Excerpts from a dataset
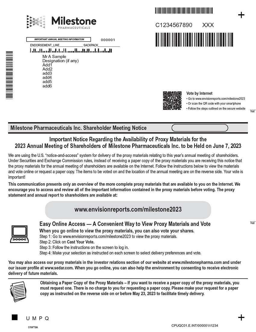 C1234567890 XXXIMPORTANT ANNUAL MEETING INFORMATION000001ENDORSEMENT_LINE SACKPACKMr A Sample Designation (if any) Add1 Add2 add3 add4 add5 add6Vote by Internet • Go to www.envisionreports.com/milestone2023 • Or scan the QR code with your smartphone • Follow the steps outlined on the secure website FoldMilestone Pharmaceuticals Inc. Shareholder Meeting Notice Important Notice Regarding the Availability of Proxy Materials for the 2023 Annual Meeting of Shareholders of Milestone Pharmaceuticals Inc. to be Held on June 7, 2023 We are using the U.S. “notice-and-access” system for delivery of the proxy materials relating to this year’s annual meeting of shareholders. Under Securities and Exchange Commission rules, instead of receiving a paper copy of the proxy materials you are receiving this notice that the proxy materials for the annual meeting of shareholders are available on the Internet. Follow the instructions below to view the materials and vote online or request a paper copy. The items to be voted on and the location of the annual meeting are on the reverse side. Your vote is important! This communication presents only an overview of the more complete proxy materials that are available to you on the Internet. We encourage you to access and review all of the important information contained in the proxy materials before voting. The proxy statement and annual report to shareholders are available at:www.envisionreports.com/milestone2023Easy Online Access — A Convenient Way to View Proxy Materials and Vote When you go online to view the proxy materials, you can also vote your shares. Step 1: Go to www.envisionreports.com/milestone2023 to view the proxy materials. Step 2: Click on Cast Your Vote. Step 3: Follow the instructions on the screen to log in. Step 4: Make your selection as instructed on each screen to select delivery preferences and vote. You may also access our proxy materials in the investor relations section of our website at www.milestonepharma.com and under our issuer profile at www.sedar.com. When you go online, you can also help the environment by consenting to receive electronic delivery of future materials. Obtaining a Paper Copy of the Proxy Materials – If you want to receive a paper copy of the proxy materials, you must request one. There is no charge to you for requesting a paper copy. Please make your request for a paper copy as instructed on the reverse side on or before May 23, 2023 to facilitate timely delivery.FoldU M P Q 01WT8ACPUQC01.E.INT/000001/i1234
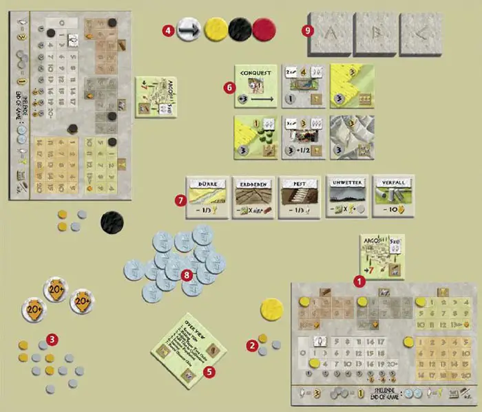 The 7 Civilization Tiles are mixed face-down and one is dealt to each player, which he places face-up above his Player Mat. Extra tiles are placed back in the box. Each player takes as many coins as the starting income on his Civilization Tile (upper right corner) and places these beside his Mat. 2
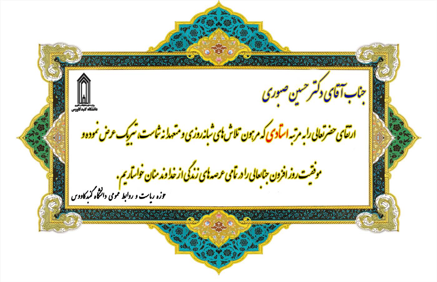 جناب آقای دکتر حسین صبوری؛ ارتقای علمی حضرتعالی را به مرتبه استادی که مرهون تلاشهای شبانهروزی و متعهدانه شماست، تبریک عرض نموده و موفقیت روزافزون جنابعالی را در تمامی عرصههای زندگی از خداوند منان خواستاریم.
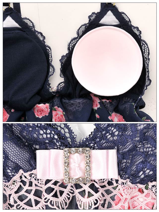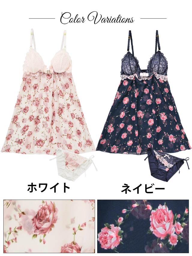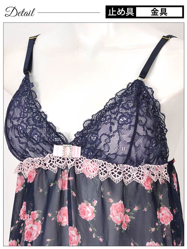 繊細なケミカルレースとコードレースで仕立てたCUTEなベビードール♪バストの中央にはキラキラ光るスクエア型のチャームをデコレーションしました。透け感のあるシフォンにはレトロなROSE柄をプリント。ショーツは「ほどける」紐パンなので、勝負下着にもオススメですよ!
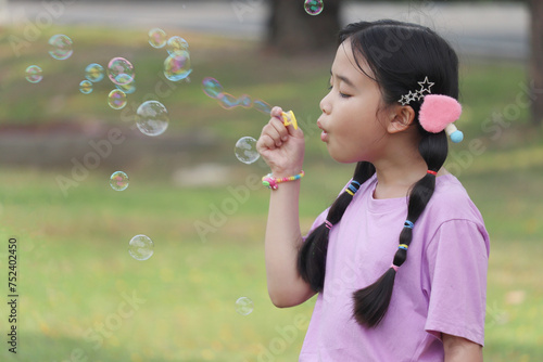 Happy cute Asian girl with pigtails blowing soap bubbles in green nature garden. Kid spending time outdoor in meadow. Cute child having fun with bubble in summer park.
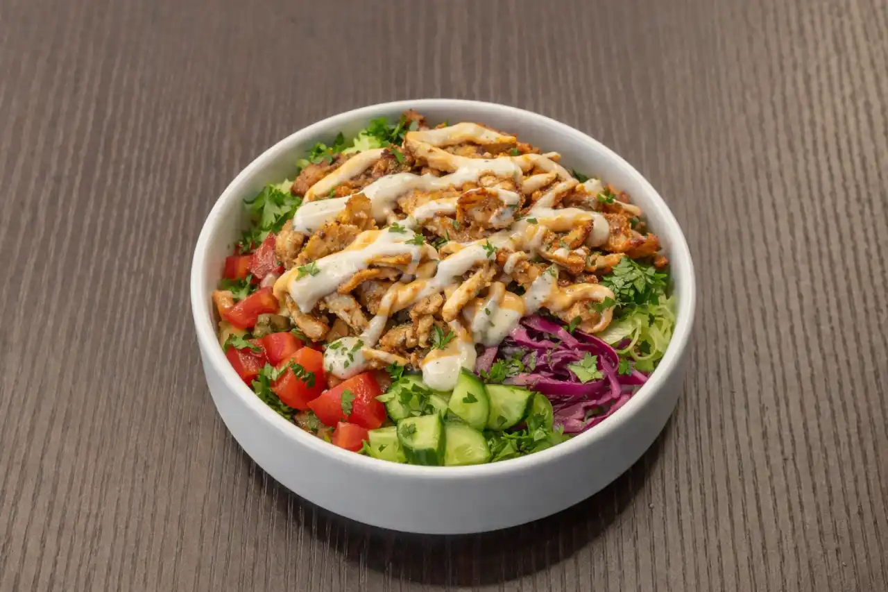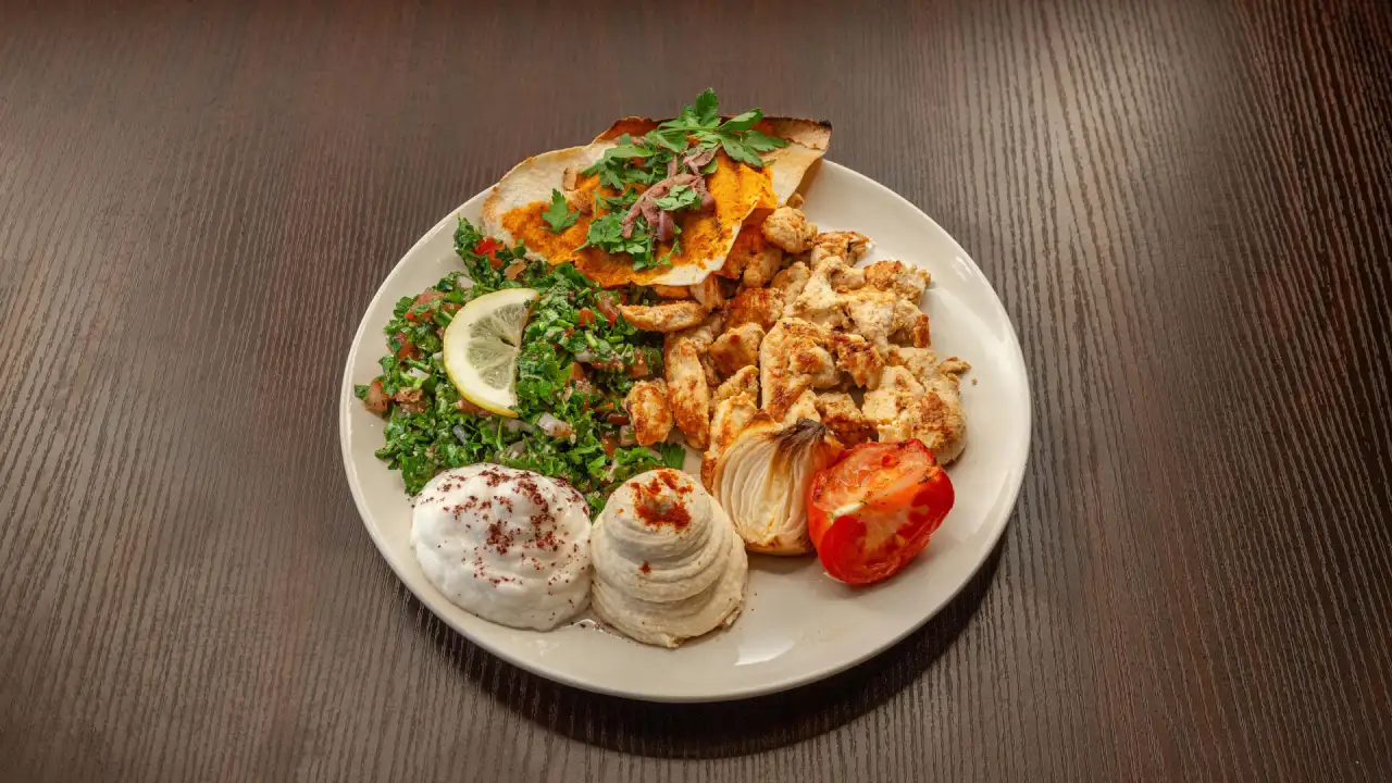 Chawarma poulet, houmous, batata harra, taboulé, crème à l’ail.

- Exercise
The records above should be repeated exactly, with no pictures in the copy.

- Answer section
 C1234567890 XXXIMPORTANT ANNUAL MEETING INFORMATION000001ENDORSEMENT_LINE SACKPACKMr A Sample Designation (if any) Add1 Add2 add3 add4 add5 add6Vote by Internet • Go to www.envisionreports.com/milestone2023 • Or scan the QR code with your smartphone • Follow the steps outlined on the secure website FoldMilestone Pharmaceuticals Inc. Shareholder Meeting Notice Important Notice Regarding the Availability of Proxy Materials for the 2023 Annual Meeting of Shareholders of Milestone Pharmaceuticals Inc. to be Held on June 7, 2023 We are using the U.S. “notice-and-access” system for delivery of the proxy materials relating to this year’s annual meeting of shareholders. Under Securities and Exchange Commission rules, instead of receiving a paper copy of the proxy materials you are receiving this notice that the proxy materials for the annual meeting of shareholders are available on the Internet. Follow the instructions below to view the materials and vote online or request a paper copy. The items to be voted on and the location of the annual meeting are on the reverse side. Your vote is important! This communication presents only an overview of the more complete proxy materials that are available to you on the Internet. We encourage you to access and review all of the important information contained in the proxy materials before voting. The proxy statement and annual report to shareholders are available at:www.envisionreports.com/milestone2023Easy Online Access — A Convenient Way to View Proxy Materials and Vote When you go online to view the proxy materials, you can also vote your shares. Step 1: Go to www.envisionreports.com/milestone2023 to view the proxy materials. Step 2: Click on Cast Your Vote. Step 3: Follow the instructions on the screen to log in. Step 4: Make your selection as instructed on each screen to select delivery preferences and vote. You may also access our proxy materials in the investor relations section of our website at www.milestonepharma.com and under our issuer profile at www.sedar.com. When you go online, you can also help the environment by consenting to receive electronic delivery of future materials. Obtaining a Paper Copy of the Proxy Materials – If you want to receive a paper copy of the proxy materials, you must request one. There is no charge to you for requesting a paper copy. Please make your request for a paper copy as instructed on the reverse side on or before May 23, 2023 to facilitate timely delivery.FoldU M P Q 01WT8ACPUQC01.E.INT/000001/i1234
 The 7 Civilization Tiles are mixed face-down and one is dealt to each player, which he places face-up above his Player Mat. Extra tiles are placed back in the box. Each player takes as many coins as the starting income on his Civilization Tile (upper right corner) and places these beside his Mat. 2
 جناب آقای دکتر حسین صبوری؛ ارتقای علمی حضرتعالی را به مرتبه استادی که مرهون تلاشهای شبانهروزی و متعهدانه شماست، تبریک عرض نموده و موفقیت روزافزون جنابعالی را در تمامی عرصههای زندگی از خداوند منان خواستاریم.
 繊細なケミカルレースとコードレースで仕立てたCUTEなベビードール♪バストの中央にはキラキラ光るスクエア型のチャームをデコレーションしました。透け感のあるシフォンにはレトロなROSE柄をプリント。ショーツは「ほどける」紐パンなので、勝負下着にもオススメですよ!
 Happy cute Asian girl with pigtails blowing soap bubbles in green nature garden. Kid spending time outdoor in meadow. Cute child having fun with bubble in summer park.
 Chawarma poulet, houmous, batata harra, taboulé, crème à l’ail.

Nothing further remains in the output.